そして、一正のトレーニングはどんどんハードになっていった。
一日に何人も熱中症になり、ストレスで入院する新人団員、辞める新人団員も増えていった。
何度も辞めろと言われたのだが、一正はそれに反抗するかのようにトレーニングを難しくしていった。

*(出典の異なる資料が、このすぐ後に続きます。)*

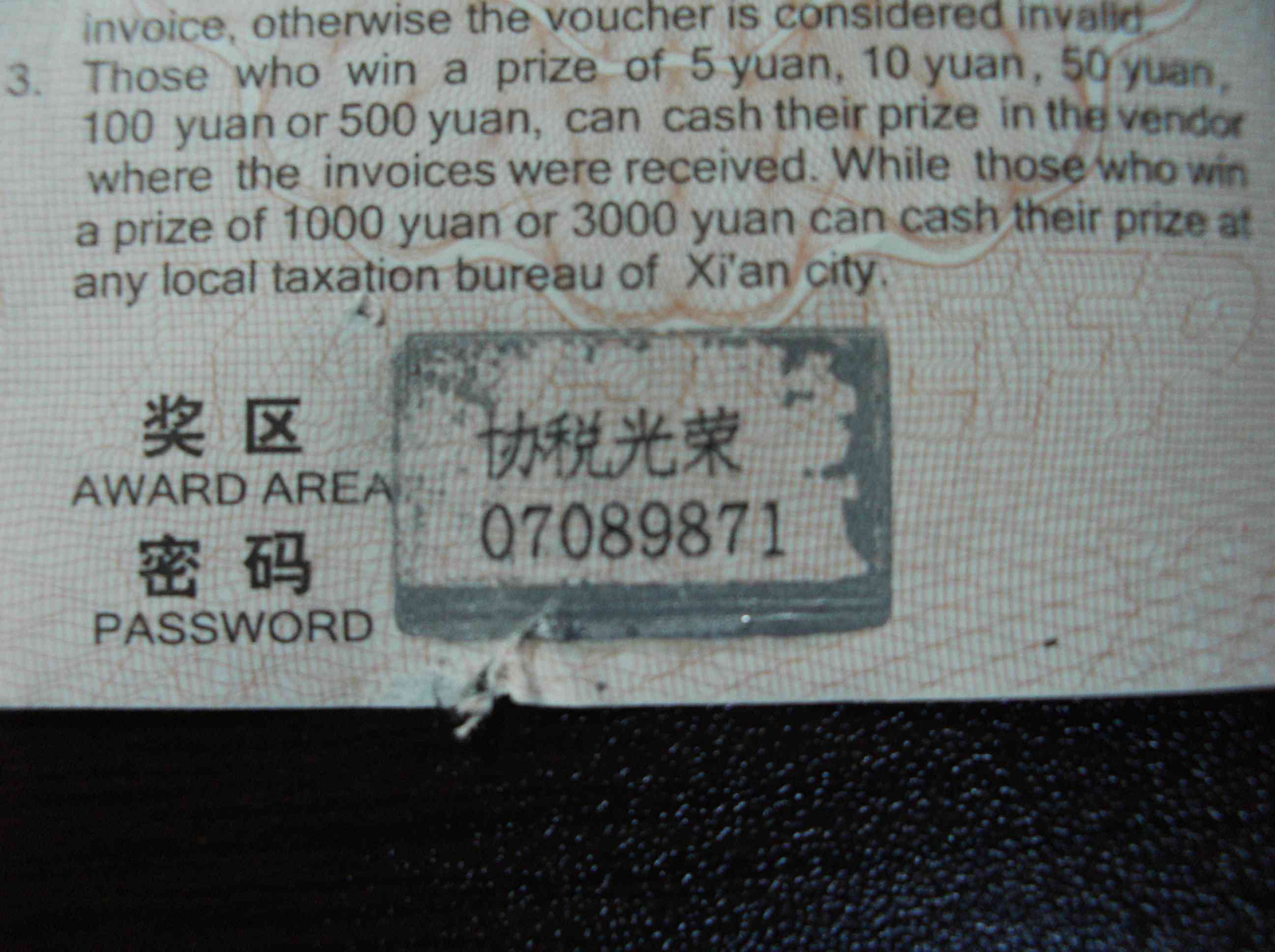 例えば,飲食店で何かを食べてお金を払う際に”ファーピャオ”と言います。すると,お店側は金額に応じてこの券をくれます。この券の右下にスクラッチがあるので,それをただちにこすります。すると…

気づいた時には残った新人団員は数名。最初は数百名近くいたのに。しかし、どの団員も辛そうにしている。今にも死にそうなぐらいだ。
そんな時だった。
「一正、あんたさぁ、最近やりすぎじゃない?」
「あぁ?誰だよ」
「私の名前とかどうでもいいわ!それよりも、勝負しな!一正!」
そう言ったのは、水色の髪で後ろ髪を縛っている女性、そう。宮久保直沙だった。
「…後悔するぜ」
「いいよ。させてみな!」
最初に勝負したのは五〇メートル走。
「よ、よーい、どん!」
指揮をとったのは、もちろん新人団員。
そして、五〇メートルを走っていたが、宮久保は一正より速かった。
「クソ!なんだこいつ!速すぎる!」
頑張って追いつこうとするも、結果は一秒近く差が出てしまった。
「クソ!なんで…なんで…!」
宮久保は見下すかのように言った。
「次」
「くっ、なら、砲丸投げだ!」
しかし、一正は結果十二メートル。しかし宮久保は十三メートルまで行った。
「ウソ…だろ…?」
目を丸く見開く一正。
そして、その後も何個も何個も戦ったが、宮久保は、常に一正の一つ上へ行った。
そして、一正は疲れたように体を倒した。
「な、なんだ、負ける…」
「あんたが、油断してるからだよ」
「何っ、ゆ、油断…?」
「そう。体は本気を出しているのに、心が油断しているんだ。そんなんじゃ、最高のパフォーマンスは出せない。出せるはずがない。どうせ、私のこと見下しているんだろ。いつも全力でやるってのが、あんたにはない。トレーニングだってそうだ。新人団員を見下してるから平気で難しくできる。あんたは、指導者に向いてないよ!」
その言葉に、一正は腸が煮えくり返った。
「クソ!クソ!クソ!この、クソ野郎がぁ!」
そういって宮久保に襲っていった。しかし、これを宮久保は何なく倒した。
その後、一正は強制退団。今までの行いが全て明るみになったからだ。
そうして路頭に迷った末、一正は魔物討伐隊に入隊した…
「お前のせいだ。お前のせいで、俺は、人生が灰になった!」
「あっ、あんた、あのパワハラ男!」
宮久保はやっと思い出したようだった。
「私だって、なるべく頑張ったんだよ?私が頑張らなかったら、今頃あんたは塀の中。感謝ぐらいして欲しいなぁ」
宮久保は言った。
「認められねぇ!お前のその腐った性格が!認められねぇ!認められねぇんだよ!」
そう言うと、一正は大剣を取り出し宮久保を斬りに行った。
しかしそれを軽々と飛び越え、頭一つぐらいの差がある一正に飛び膝蹴りを食らわせた。
「相変わらずだね。あんたは油断してばっかり。本当に、醜い」
「じゃあ、認めさせてやるよ!俺という存在を!」
口から血を出しながらも力強く一正は言った。
そうして一正の持っている大剣に突如魔力が溜まりだした。
宮久保には魔力の量を見れる"魔眼"を持っていなかったが、魔力が溜まっていることは肌で感じ取った。
「来る!」
一正は魔力が溜まったらしく、大剣を思いっきり地面に突き刺した。
「回避不可の斬撃!」
突如四方八方の地面も壁もは壊れた。そう。これが回避不可の斬撃。魔力を大剣のため、それを地面に一斉に放出することで、膨れ上がった地面が破裂する。という技。周りには土埃がたった。
「これは、強い…!」
地面はボロボロに砕け落ち、落ちた所は真っ黒な部屋。魔物討伐隊の訓練場だ。
依然として土埃が立っている。
「…死んだな」
一正は勝ち誇ったかのように言った。
「遂に、俺の復讐は、終わったのだ…!」
安心したかのように訓練場を後にしようとした。
しかし、その時だった。
「待ちな」
その言葉に、一正は唖然とした。
そう。宮久保は生きていたのだ。
しかし、頭からは出血をしている。土埃が体に纏わりついている。
「この武器は使いたくなかったんだけどね…」
そういうと宮久保はポケットからハンマーを取り出した。
「ほう。それがお前の武器か」
宮久保は縛っていた髪をほどいて言った。